Today, Turkey is a linchpin in the military struggles and relations with border states Iraq, Iran and Syria, and an increasingly important force in Egypt. Turkey’s strategic importance cannot be underestimated. But neither Turkey nor Erdogan can be given a pass for behavior that is unbecoming of a NATO member and EU aspirant.

From domestic repression to international folly, the Turkish leadership embodied in one incredibly charismatic populist has increasingly failed in its obligations and responsibilities – both to its people and its NATO allies. But Erdogan has earned incomparable political capital at home for his nationalist message over the years and cemented his rule with last weekend’s local elections and quasi-referendum.
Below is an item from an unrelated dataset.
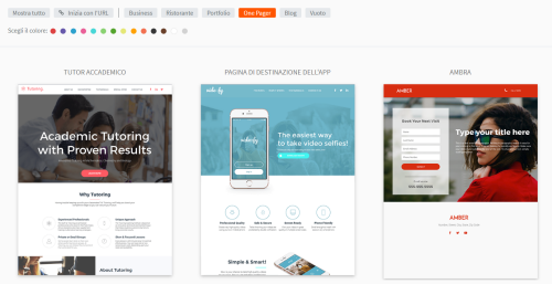 La scelta del giusto design per il proprio sito Web è un passaggio fondamentale per il successo di un progetto online, da questo punto di vista Simply Site offre una vasta selezione di template personalizzabili in modo da soddisfare un ampio ventaglio esigenze. L’intera offerta è poi rispettosa dei dettami del Responsive Design in modo da ottenere sempre il miglior risultato possibile, indipendentemente dal device utilizzato per la visualizzazione. Come impostazione predefinita la piattaforma mostra tutti i modelli disponibili, che sono veramente numerosi, ma sono consentite delle selezioni più precise, ad esempio sulla base di un colore o di una categoria di riferimento ("business", "ristorante", "portfolio", "blog"..).

Erdogan now seems politically untouchable, blaming an Istanbul elite for anarchic unrest and promising further retribution to institutions and individuals who challenge him. A savvy politician, he knows his power is not dependent on Istanbul elites, but rather lies in the hinterland of his 77 million people.

Non-urban Turks are loyal and admiring of Erdogan’s get-tough attitude and actions. They respond to his menacing approach to dissent. And they are happy with continually degrading relations with Israel.

Erdogan is an unreliable and dangerous leader who has purged his intelligentsia, military, judiciary and political opposition, and he will pursue his national interests in any way he sees fit for a regional superpower that remains a shadow of its Ottoman self. What Americans should hope is not only that he lightens up with his own population but also that he pursues a steady and reliable course for NATO. And, despite my ethnicity, I know the West’s future depends on it.